O mini-bus parou em muitos lugares ao longo do caminho até finalmente ficar abarrotado de pessoas. Para terem uma ideia eu praticamente viajei abraçado com minha mochila, o que no fundo foi positivo pois me apoiei nela para tirar um cochilo. Mesmo com o grande número de pessoas, a maioria viajava sentada. A viagem foi uma experiência muito interessante pois o que senti ali foi o cotidiano das pessoas que devem acordar cedo, ir até a estrada caminhando e aguardar o ônibus cheio no acostamento, para finalmente chegar ao seu destino e ganhar a vida de alguma maneira, garantindo o pão de cada dia.

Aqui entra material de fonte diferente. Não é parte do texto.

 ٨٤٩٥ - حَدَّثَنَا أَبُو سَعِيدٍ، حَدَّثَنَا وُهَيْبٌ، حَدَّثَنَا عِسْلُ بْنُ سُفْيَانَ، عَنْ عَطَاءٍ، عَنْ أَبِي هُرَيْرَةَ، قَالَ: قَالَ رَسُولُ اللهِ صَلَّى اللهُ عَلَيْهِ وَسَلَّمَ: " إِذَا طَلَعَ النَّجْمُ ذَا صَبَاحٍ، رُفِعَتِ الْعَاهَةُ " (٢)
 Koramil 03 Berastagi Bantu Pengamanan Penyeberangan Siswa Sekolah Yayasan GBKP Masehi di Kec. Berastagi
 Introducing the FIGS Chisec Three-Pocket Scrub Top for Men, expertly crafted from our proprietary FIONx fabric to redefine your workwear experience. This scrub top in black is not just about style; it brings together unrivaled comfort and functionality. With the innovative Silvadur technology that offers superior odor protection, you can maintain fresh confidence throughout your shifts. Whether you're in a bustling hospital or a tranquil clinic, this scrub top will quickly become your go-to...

Novamente eu era o peixe fora d’água mas não tive problema algum nem qualquer tentativa de malandragem ou persuasão. Pelo contrário, as pessoas olhavam curiosas, aparentando dispostas e animadas ao longo do percurso.Nesse caminho há um pedágio, o único que vi. Está na T1, uma das melhores rodovias do país, a Bandeirantes jamaicana.
Se você ainda não leu o primeiro relato da Jamaica recomendo entrar neste link para então continuar a segunda parte. 🙂
Foto no início do post: Museu do Bob Marley.

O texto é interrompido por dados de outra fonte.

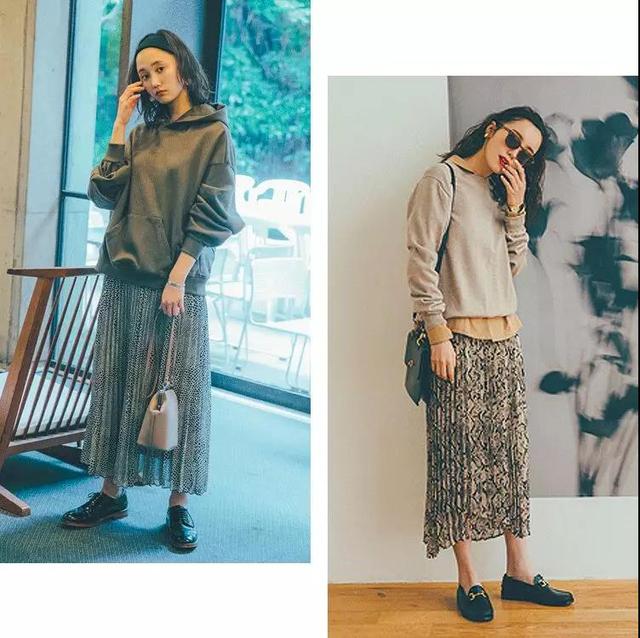 虽然说卫衣已经是烂大街的搭配了,但只要动了脑筋也能搭出新潮感~灰色卫衣作为卫衣届的霸主,高级感十足又耐看。左图连帽款满满的休闲感,搭配薄款百褶长裙,显瘦又很有仙女范。右图的卫衣色系就更亮了,内搭衬衫凸显文艺气息。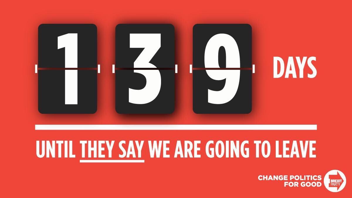 The Brexit Party On Twitter 138 Days Until The 31st October When They Claim We Will Finally Leave The Eu Rt If You Think We Should Have Left Months Ago Https T Co Sxe6lkfche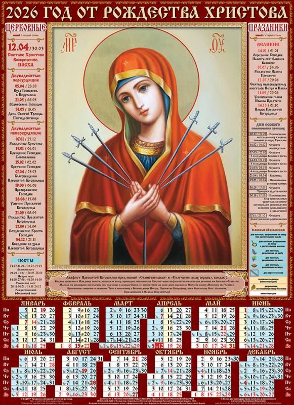 Календарь листовой православный на 2026 год «Икона Божией Матери Семистрельная»

Chegando em Kingston já foi possível perceber o quão grande e populosa a cidade é, em comparação com as outras, com mais natureza e turísticas. Entramos pela área periférica até chegar à rodoviária, que julguei ser de ônibus inter-municipais: uma construção circular com um aglomerado de mini-buses e pessoas, andando de um lado para outro. Desci e fui até a rua mais próxima procurar um táxi, ali aparentava ser uma região mais industrial. Consegui um táxi por um bom preço e pedi para me levar ao hostel, o sugestivo Reggae Hostel.
No caminho o taxista conversava muito rápido com um sotaque forte de pátoa. Eu não entendia muito e só fazia uma cara simpática, afinal, minha atenção estava voltada para as ruas e construções de Kingston. Chegamos no hostel e já fui direto tomar um banho para refrescar, estava um calor infernal naquele dia. Kingston é uma cidade mais quente que as demais, como todas as grandes cidades ao redor do mundo vestidas com asfalto e concreto.

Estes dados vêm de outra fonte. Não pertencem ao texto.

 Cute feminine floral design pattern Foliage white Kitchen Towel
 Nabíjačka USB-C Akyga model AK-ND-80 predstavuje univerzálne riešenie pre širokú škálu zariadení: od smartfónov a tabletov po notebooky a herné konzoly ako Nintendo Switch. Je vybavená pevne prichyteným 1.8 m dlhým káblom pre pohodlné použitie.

Saí para conhecer o centro, à pé mesmo. Do Hostel até a moderna rodoviária central, a Half Way Tree Transport Centre, eram aproximadamente 15 minutos. Há muitos shoppings e comércio no caminho, o movimento nas calçadas e ruas era intenso e no principal cruzamento, entre as Avenidas Half Way Tree e Hope, um congestionamento dava boas vindas. A energia de metrópole imperava, assim como o clássico contraste entre ricos e pobres.
Depois de passar pela famosa torre do relógio e por uma praça próxima à rodoviária, almocei ali mesmo. Voltei ao hostel e entrei em contato com uma local que conheci pelo Couch Surfing, uma moça chamada Tessi. O chip de celular ajudou muito na comunicação e conseguimos marcar um passeio junto com seus amigos. Ela foi muito receptiva, passou no hostel para me buscar e dali fomos até um Cassino.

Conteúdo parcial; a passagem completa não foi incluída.